[Records from a collection]
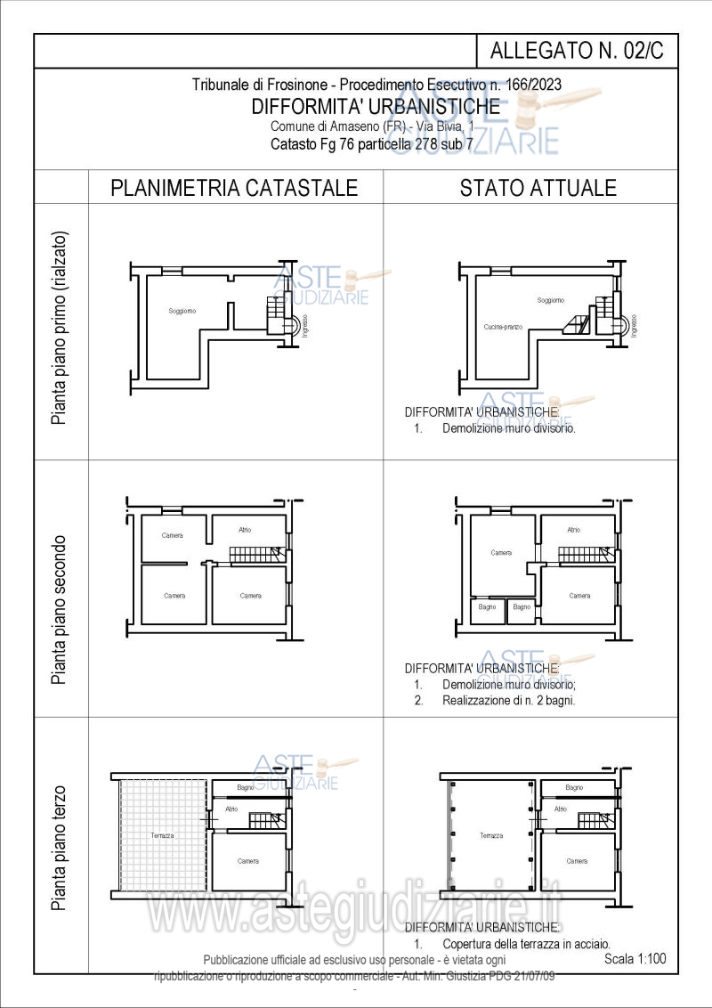 Abitazione su n. 3 livelli sita nel Comune di Amaseno (FR), in Via Bivia, 1. Il bene è ubicato ai piani 1-2 e 3 di una palazzina in muratura di vecchia realizzazione. L'immobile, in buono stato di conservazione, è inserito nel Centro storico ed è caratterizzato da strade piccole per la maggior parte pedonali. Non è climaticamente ben esposto ma presenta all'ultimo piano una gradevole terrazza con vista. Il contesto in cui è situata la palazzina è tranquillo, centrale e dotato di tutti i servizi complementari alla residenza (es. uffici, negozi, ecc..). L'appartamento presenta finiture di buon livello ed è costituito da: Soggiorno, cucina pranzo con camino, n. 2 disimpegni, n. 3 camere, n. 3 bagni ed un'ampia terrazza. Fg. 76, Part. 278, Sub. 7, Categoria A3.
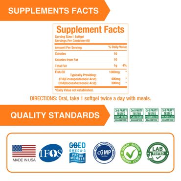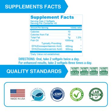 Our Mini Fish Oil comes in small size while delivering the high potency possible. Each serving (2 softgels) contains 1,000mg fish oil with 700mg of Omega-3 Fatty Acids (400mg EPA, 300mg DHA).
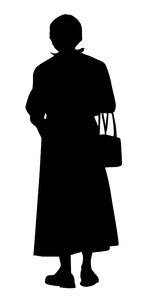 Oma, geïsoleerd, grootmoeder, grootmoeder, handtas, knipsel, man, oma, ouder, rok, schaduw, silhouet, vorm, vrouw, zak, zwart en wit
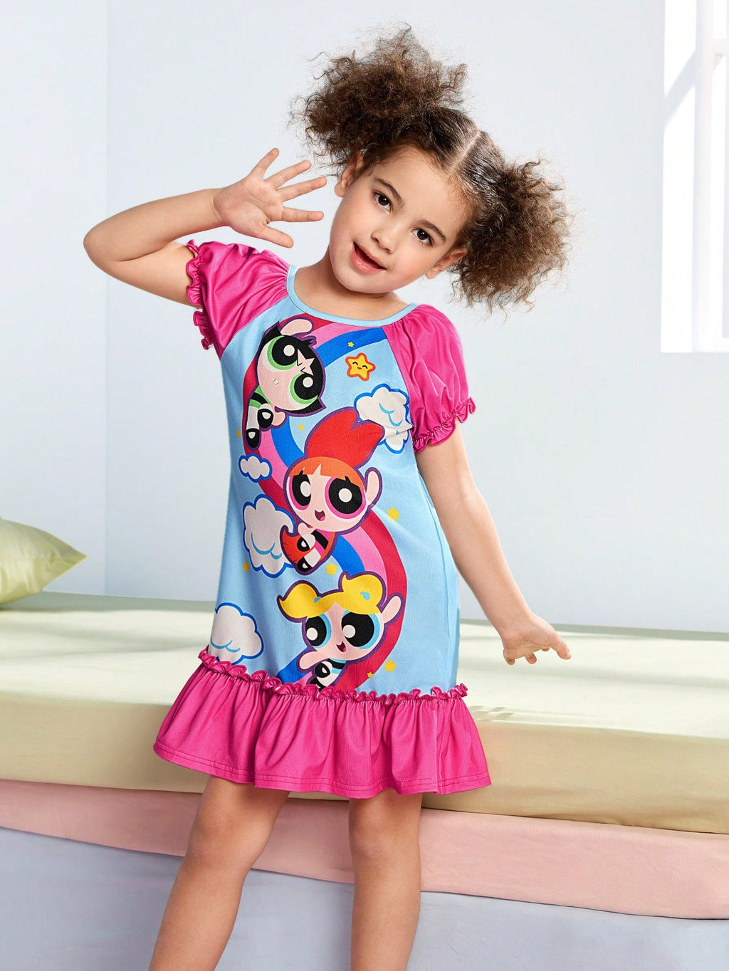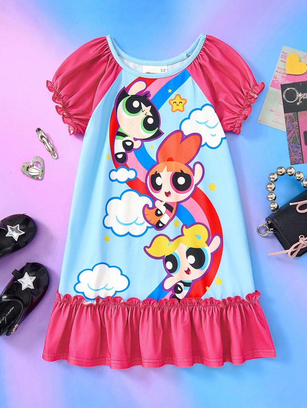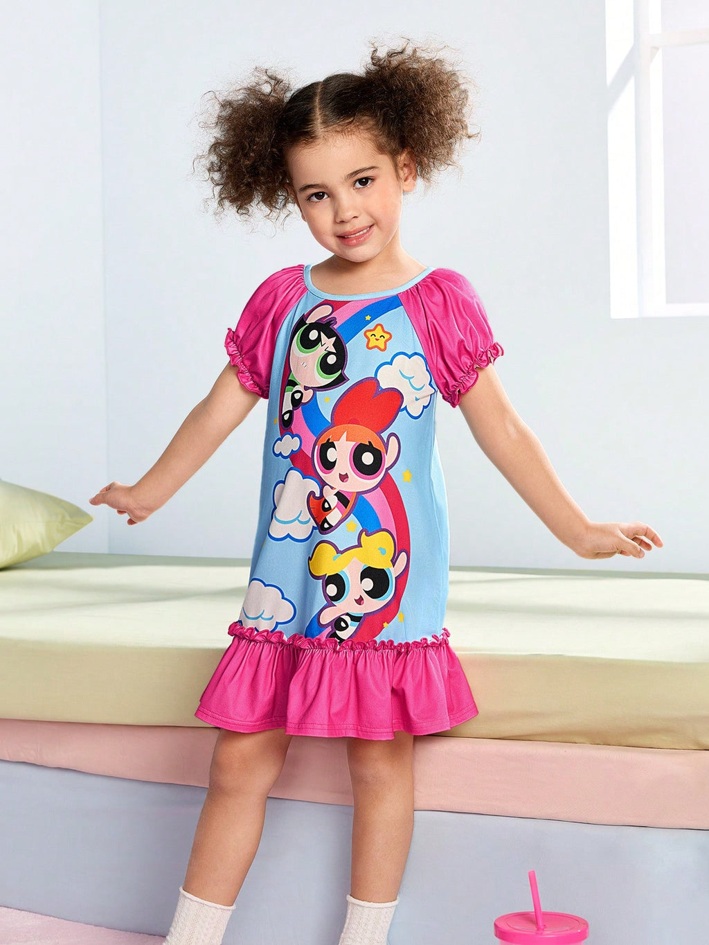 BELLAVOG Slatka ležerna spavaćica za djevojčice s printom cvijeća, mjehurića i ljutića u kontrastnoj boji s volanima i rubom, pogodna za proljeće i ljeto
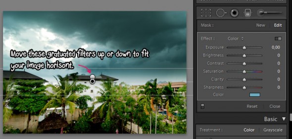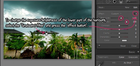 Your horizon might be on a different position in the photo. Luckily you can replace the graduated filters to fit your own horizon.

Task objective -
The data above are to be repeated word for word, with any pictures left out.

Task answer -
 Abitazione su n. 3 livelli sita nel Comune di Amaseno (FR), in Via Bivia, 1. Il bene è ubicato ai piani 1-2 e 3 di una palazzina in muratura di vecchia realizzazione. L'immobile, in buono stato di conservazione, è inserito nel Centro storico ed è caratterizzato da strade piccole per la maggior parte pedonali. Non è climaticamente ben esposto ma presenta all'ultimo piano una gradevole terrazza con vista. Il contesto in cui è situata la palazzina è tranquillo, centrale e dotato di tutti i servizi complementari alla residenza (es. uffici, negozi, ecc..). L'appartamento presenta finiture di buon livello ed è costituito da: Soggiorno, cucina pranzo con camino, n. 2 disimpegni, n. 3 camere, n. 3 bagni ed un'ampia terrazza. Fg. 76, Part. 278, Sub. 7, Categoria A3.
 Our Mini Fish Oil comes in small size while delivering the high potency possible. Each serving (2 softgels) contains 1,000mg fish oil with 700mg of Omega-3 Fatty Acids (400mg EPA, 300mg DHA).
 Oma, geïsoleerd, grootmoeder, grootmoeder, handtas, knipsel, man, oma, ouder, rok, schaduw, silhouet, vorm, vrouw, zak, zwart en wit
 BELLAVOG Slatka ležerna spavaćica za djevojčice s printom cvijeća, mjehurića i ljutića u kontrastnoj boji s volanima i rubom, pogodna za proljeće i ljeto
 Your horizon might be on a different position in the photo. Luckily you can replace the graduated filters to fit your own horizon.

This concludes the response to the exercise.